A couple of months or so ago, someone here posted that he’d gone through all the Urolithin A brands on Amazon and none of them, except those using Mitopure, were third party tested. Things may have changed. My survey of four cheap brands found two that were. I’m exhausted from the four mouse clicks, but maybe someone hardier can take up the quest. How many more are there?
It’s possible that Mitopure is better. Or it may have had some kind of monopoly on supplies at that point, but no longer does. There have to be many companies capable of manufacturing Urolithin A. Maybe one or more of them saw the demand or potential demand, started making it and supplying brands that can now sell it cheaply.
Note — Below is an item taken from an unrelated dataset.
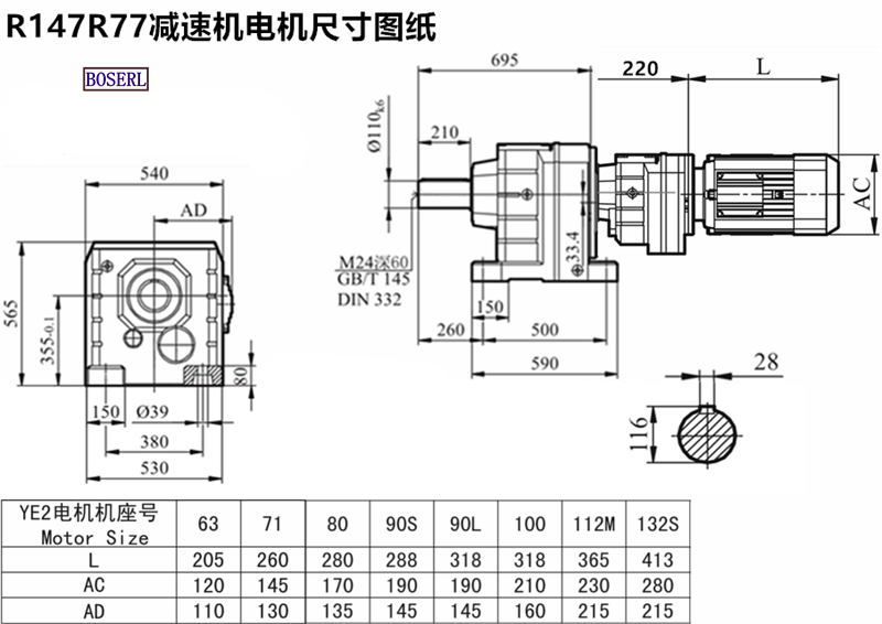 | 齒輪減速電機 | R149R79YVP63M4 | R149R79DVE63M4 | R149R79DM112M4 |

It will be interesting to see how UA compares to Rapamycin. It is direction of action is the same so should in some way be synergistic. I have, however, not taken both at the same time yet. I have a Rapamycin cycle coming up in a week (I am on 21 days) so I may wait until then to take UA. It has appeared to disrupt sleep in a manner which implies autophagy.
I am doing particularly well with sleep (which was my big issue a few years ago) so I am inclined to concentrate on things that don’t disrupt it whilst I don’t have to get up early (no school for my son at the moment).
That thorough Gemfibrozil studyis pretty damning: some reduction in cardiovascular events, but no change in coronary mortality or all- cause mortality, and a small, non-significant increase in cancer mortality for the Gemfibrozil users.
I wonder how a well-renowned researcher like Brian Kennedy can be so enthusiastic based on great animal data, when long-term human data on Gemfribrozil is so disappointing. He believes that the anti-aging effect in animals is caused by blocking of amino-acid uptake,which in turn blocks MTor. What does this help if no effedt in humans?
Could you expand on that? The two are indeed vastly different, but won’t the disappointing long-term health impact of Gemfibrozil on humans have something to say on the likelihood of an anti-aging effect on humans when the underlying data in that research is based on animals?